Similarly, in Jones v. Chubb Corp., No. 09-6057, 2010 U.S. Dist. LEXIS 109055 (E.D. La. Oct. 12, 2010), the court granted summary judgment for the insurer. Citing “anticipated high tides and the possibility of hurricane force winds and widespread severe flooding” as factors that necessitated evacuation, the mayor of New Orleans issued two evacuation orders and declared a state of emergency. Id. at *3. The insured’s policy stated:
We will pay for the actual business income loss you incur due to the actual impairment of your operations, directly caused by the prohibition of access to your premises by a civil authority. This prohibition of access by a civil authority must be the direct result of direct physical loss or damage to property away from such premises or such dependent business premises by a covered peril.
Id. at *7. (Emphasis added). For the Jones court, the presence of the bolded language meant a prompt answer to the coverage question. The court found the policy should be strictly construed and stated:
The Policy does not insure against impairment of operations that occurs simply because a civil authority prohibits access unless the civil authority order meets the requirements of the policy–one of those requirements is a nexus between the order and certain physical damage. Reading the Civil Authority section as a whole, it is clear that it was not written with the expectation that a civil authority order prohibiting access would issue before the property damage that forms the basis of the order actually occurs.

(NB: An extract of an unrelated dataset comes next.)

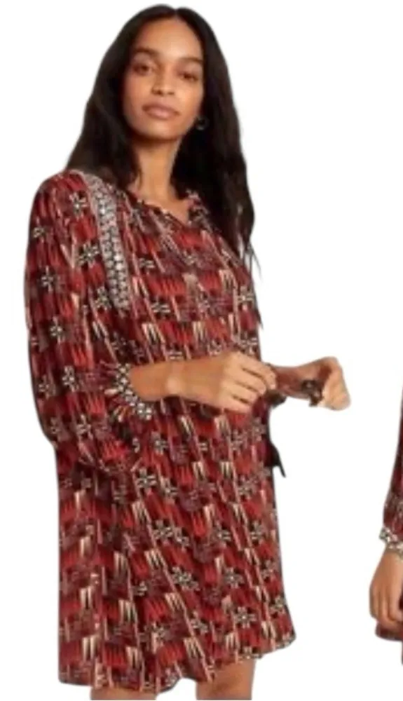 Anthropologie Verb Pallavi Singhee Sarah Red Beige Tunic dress Fall Thanksgiving Stunning Tunic dres... Show more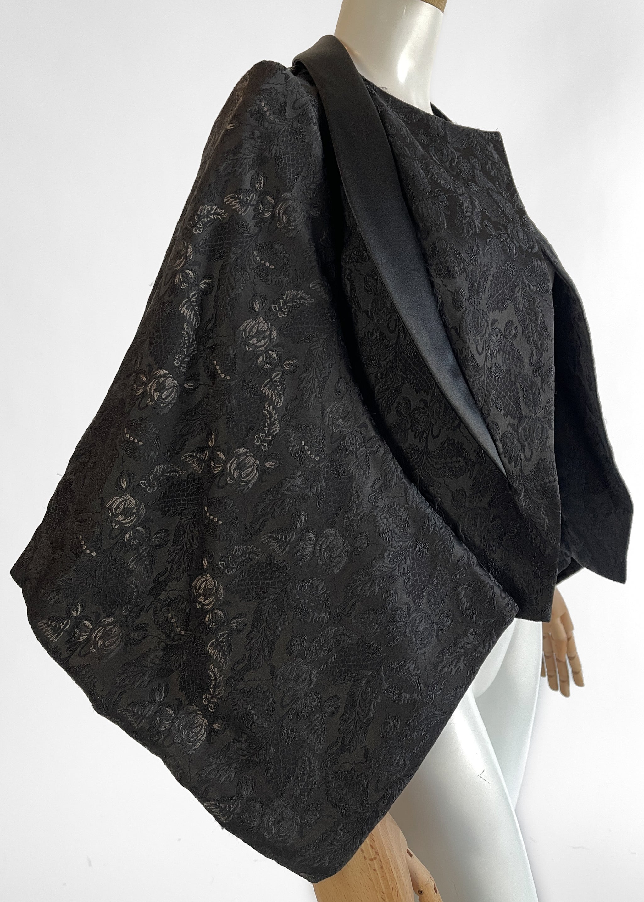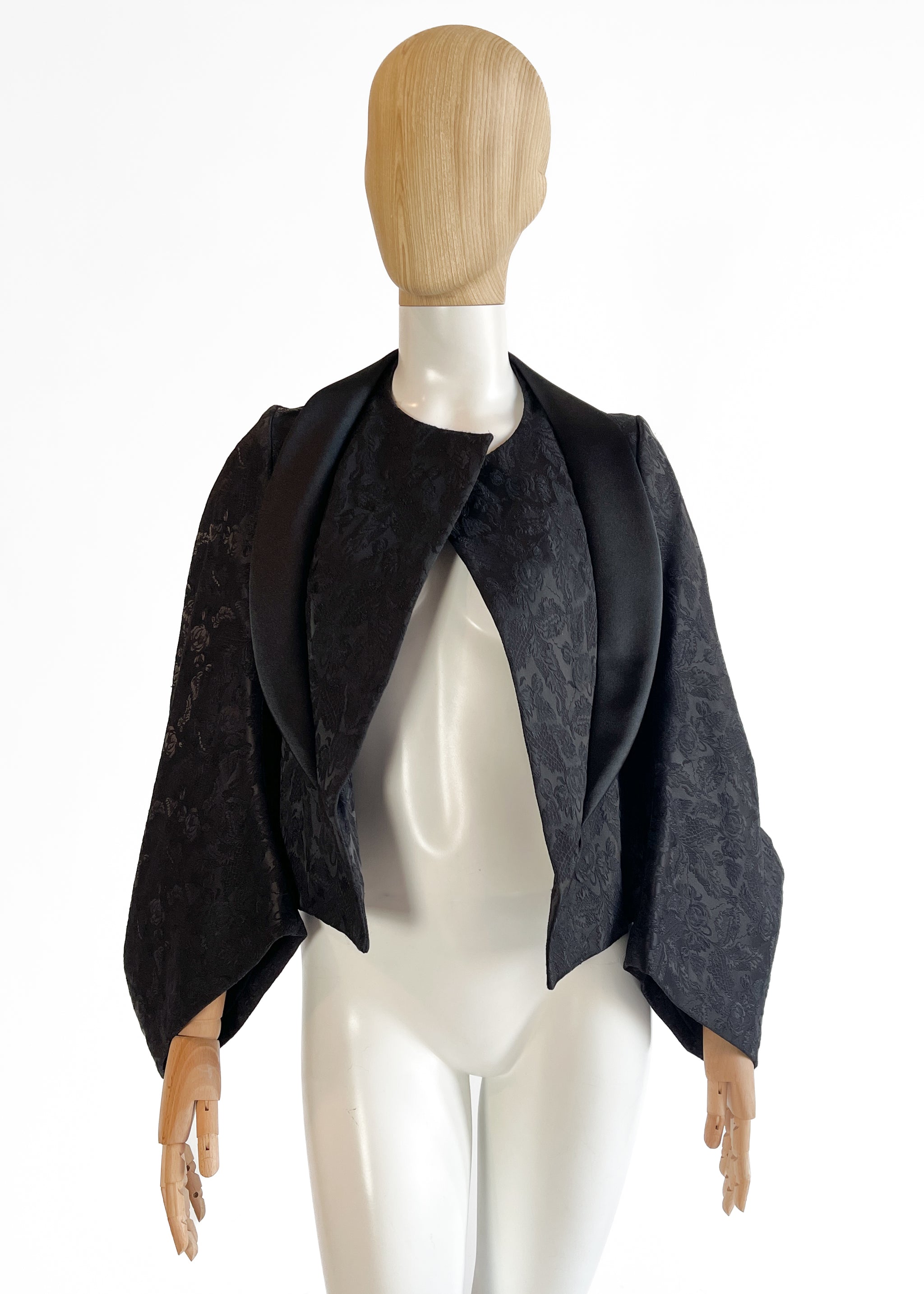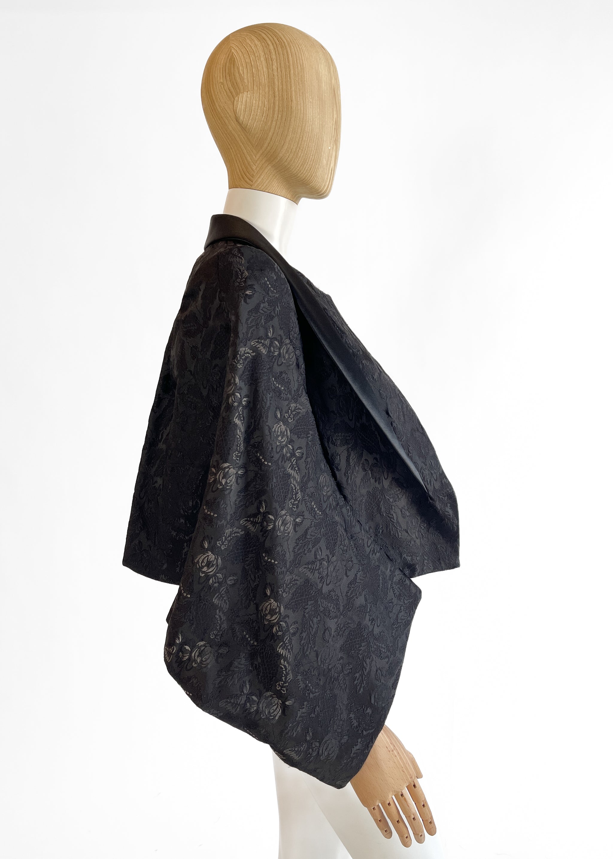 The design is inspired by Victorian mantel coats. Black textured brocade fabric. Sleeves that blend with the body of the coat. Satin labels. Open front. Made in Japan. Designed by Rei Kawakubo. Original tags attached. Original retail price $1175.

Id. at **8-9. (Emphasis added). In Jones, the absence of prerequisite physical damage under common policy terms meant a civil authority order could not trigger coverage by itself. Underscoring that physical damage is a prerequisite to coverage, the court stated that the second evacuation order, issued after the hurricane made landfall, “arguably . . . could trigger Civil Authority coverage” because it prohibited access “in light of damage sustained throughout the City of New Orleans.” Id. at *10. Ultimately, the court held there was no coverage because of the waiting period in the policy.
The civil orders issued across the nation in response to the novel coronavirus pandemic, on their own, should not trigger coverage under most business interruption insurance provisions. Where the insurance policy requires direct physical loss of or damage to property by a covered cause of loss, the same analysis as the cases discussed above apply. Moreover, civil orders issued as preventive measures prior to any physical damage should not trigger coverage, as there has to be a direct nexus between preexisting physical damage to property and the civil order.